Background
In order to avoid long Java garbage collection pauses and avoid memory fragmentation Accumulo long ago resorted to using off heap memory to store and sort incoming data. This was accomplished using JNI and C++ STL maps with custom allocators.The main reason long GC pauses must be avoided is that it can cause Accumulo server processes to lose their lock in zookeeper and shut down. A secondary reason to avoid GC pauses is to keep the system responsive to queries.
With the release of the new G1 garbage collector in Java 7, I wanted to see how Accumulo performed storing and sorting its incoming data on the Java heap. This is accomplished by setting tserver.memory.maps.native.enabled to false.
Test Environment
I ran a set of experiments on a single node Accumulo instance to get a sense of how well G1 would work with the following environment.Variable | Value |
---|---|
Accumulo version | 1.5.0-SNAPSHOT circa 10/28 |
Java version | 7u9 |
Hadoop verions | 1.0.3 |
OS | RHEL 6 |
Compression | snappy |
Java GC options | -XX:+PrintCommandLineFlags -XX:+PrintGCDetails -XX:+UseG1GC |
# tablets | 64 |
Continuous ingest, an Accumulo test suite, was used to generate key value pairs for this experiment. Two continuous ingest processes were run for each test.
Test Results
Below are the results of running the test. A rate of zero means the test did not complete because a long Java GC pause caused the tablet server to die. No swapping occurred during these test.Map Memory | Java Heap | Native map | Ingest | Rate | Max Pause |
---|---|---|---|---|---|
6G | 1G | TRUE | 100M | 247,787 | 0.77s |
6G | 1G | TRUE | 202M | 232,894 | 0.98s |
2G | 1G | TRUE | 202M | 232,221 | 1.46s |
2G | 1G | TRUE | 100M | 230,562 | 0.08s |
2G | 6G | FALSE | 100M | 144,916 | 3.84s |
6G | 12G | FALSE | 100M | 144,790 | 10s |
2G | 6G | FALSE | 202M | 142,650 | 4.8s |
6G | 12G | FALSE | 202M | 141,658 | 10.54s |
6G | 8G | FALSE | 100M | 0 | > 30s |
2G | 4G | FALSE | 100M | 0 | > 30s |
Conclusion
From the test results two things are apparent. First the native C++ map is faster. Second, if the difference between the Java Heap size and the amount of memory Accumulo uses is too small then a long pause occurs. For example when the Java heap was 8G and Accumulo used 6G for ingest, the test failed.

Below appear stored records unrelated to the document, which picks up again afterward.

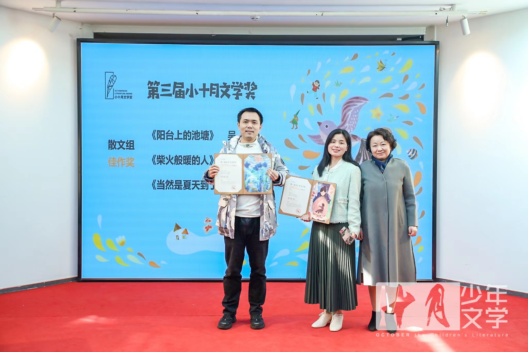 小十月文學(xué)獎(jiǎng)評(píng)委徐妍(左一)、李紅葉(右一)為童話組佳作獎(jiǎng)獲獎(jiǎng)作家頒獎(jiǎng)
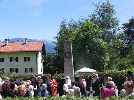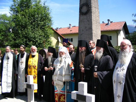 His Eminence Metropolitan Laurus with the archpastors and clergy at the monument to the Cossacks in Lientz.
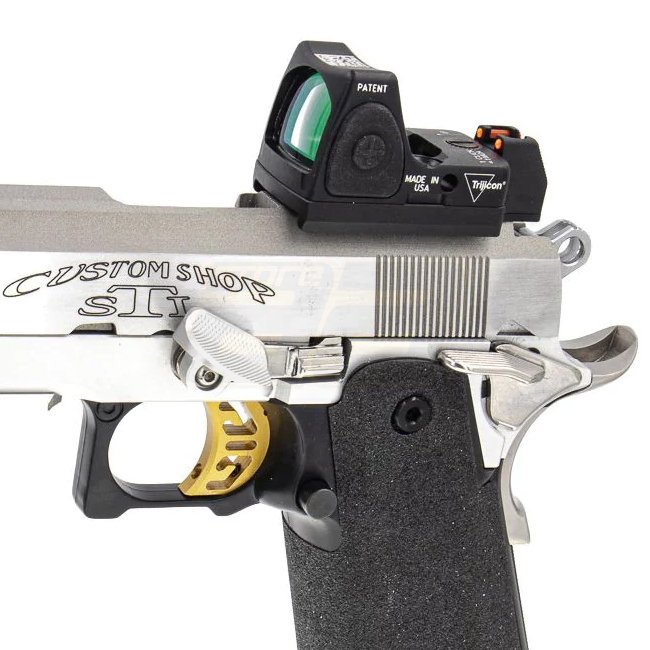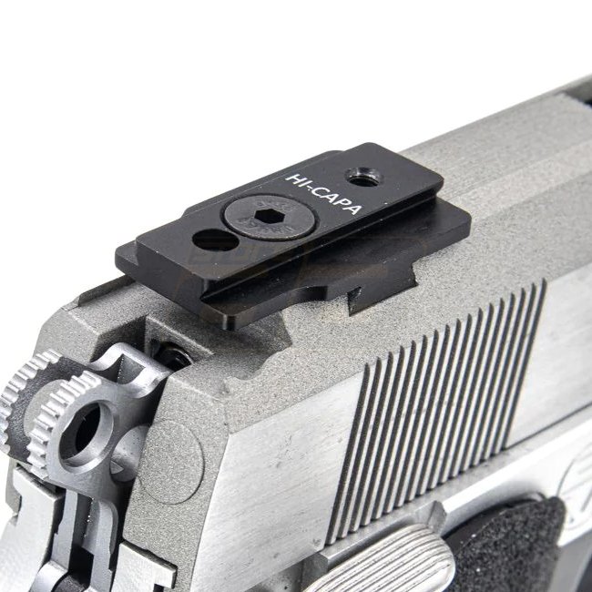 C&C Tac Marui Hi-Capa 5.1 RMR Ready Sight Set Adapter Plate Mount - Black: S304 stainless steel & aluminum material, anodized, RMR footprint, front & rear fiber sights, suitable for Marui Hi-Capa.

I think the failures occurred because there were no good G1 heap regions to collect. All test had 64 tablets. Continuous ingest generates uniform data that spreads evenly across all tablets. Since writes continually go to all tablets, each G1 heap region will have data for each tablet. When one tablet is minor compacted this frees a little bit of memory in each heap region. When Java attempts to free memory there are a lot of heap regions with a little bit of free memory. Therefore G1 is forced to pick a set of these and copy live objects to newer heap regions. I suspect its this copying that eventually takes too long and causes a long pause.
In the cases where G1 did not fail the Java heap was much larger than the memory Accumulo used to store incoming data. In this case, I think there were older heap regions that were mostly free and quickly collected. With more memory, as maps are compacted older heap regions have less live objects.
So it seems Accumulo can be made to work with G1, but its slower and uses more memory.